**Work item:** Begin at the line below that holds "We have a lot" and end at the line that holds "對現場指定位置進行智能視頻監", transcribing each line exactly and skipping any picture.

**Provided material:**
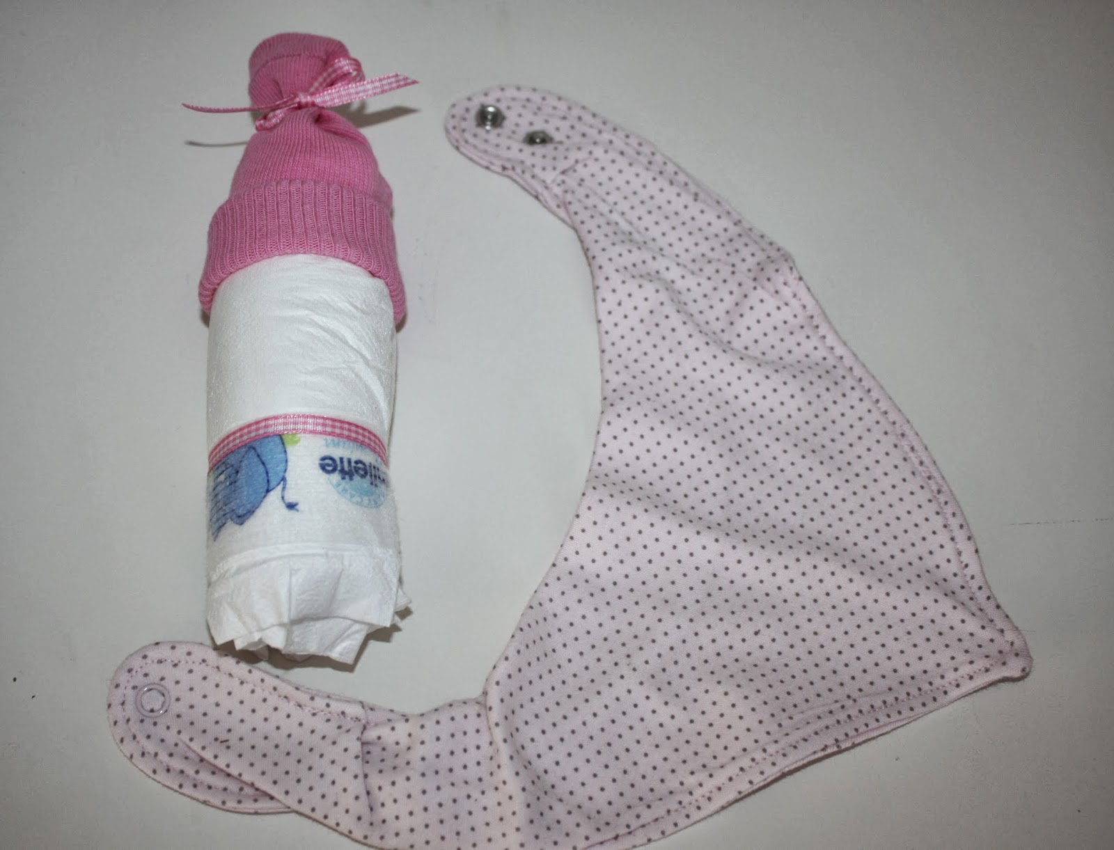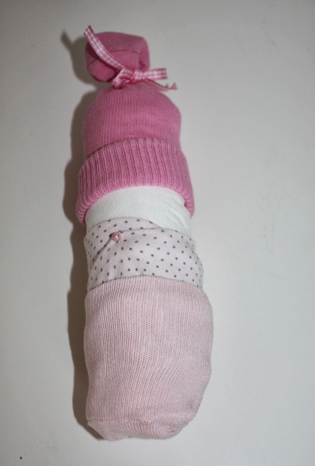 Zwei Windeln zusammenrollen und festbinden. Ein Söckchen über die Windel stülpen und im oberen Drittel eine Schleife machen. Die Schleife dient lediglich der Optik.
==
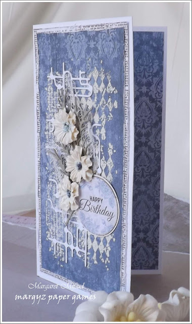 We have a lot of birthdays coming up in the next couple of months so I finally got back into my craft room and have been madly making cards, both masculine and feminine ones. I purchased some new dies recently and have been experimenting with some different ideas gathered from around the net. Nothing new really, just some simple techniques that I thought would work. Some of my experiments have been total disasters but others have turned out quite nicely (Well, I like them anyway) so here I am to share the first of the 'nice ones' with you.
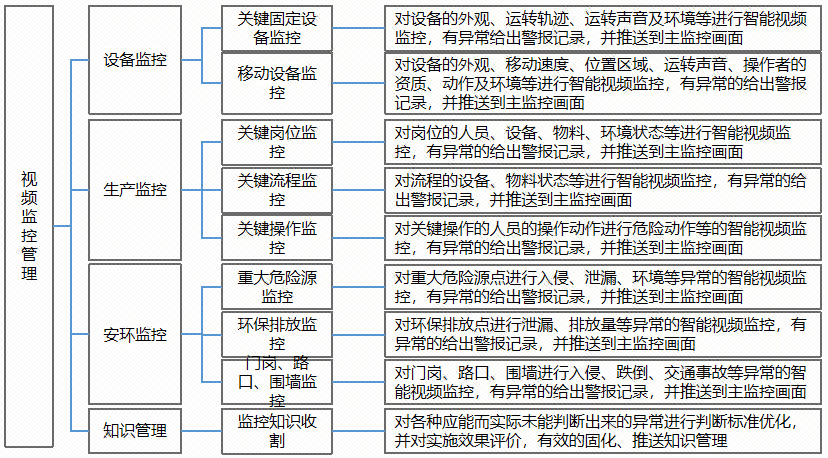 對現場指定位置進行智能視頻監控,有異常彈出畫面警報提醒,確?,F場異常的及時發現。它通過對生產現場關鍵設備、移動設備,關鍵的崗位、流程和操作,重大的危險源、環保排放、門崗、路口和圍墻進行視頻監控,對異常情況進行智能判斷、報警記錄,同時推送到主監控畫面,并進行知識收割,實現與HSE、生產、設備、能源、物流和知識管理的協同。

**Output for this task:**
 We have a lot of birthdays coming up in the next couple of months so I finally got back into my craft room and have been madly making cards, both masculine and feminine ones. I purchased some new dies recently and have been experimenting with some different ideas gathered from around the net. Nothing new really, just some simple techniques that I thought would work. Some of my experiments have been total disasters but others have turned out quite nicely (Well, I like them anyway) so here I am to share the first of the 'nice ones' with you.
 對現場指定位置進行智能視頻監控,有異常彈出畫面警報提醒,確?,F場異常的及時發現。它通過對生產現場關鍵設備、移動設備,關鍵的崗位、流程和操作,重大的危險源、環保排放、門崗、路口和圍墻進行視頻監控,對異常情況進行智能判斷、報警記錄,同時推送到主監控畫面,并進行知識收割,實現與HSE、生產、設備、能源、物流和知識管理的協同。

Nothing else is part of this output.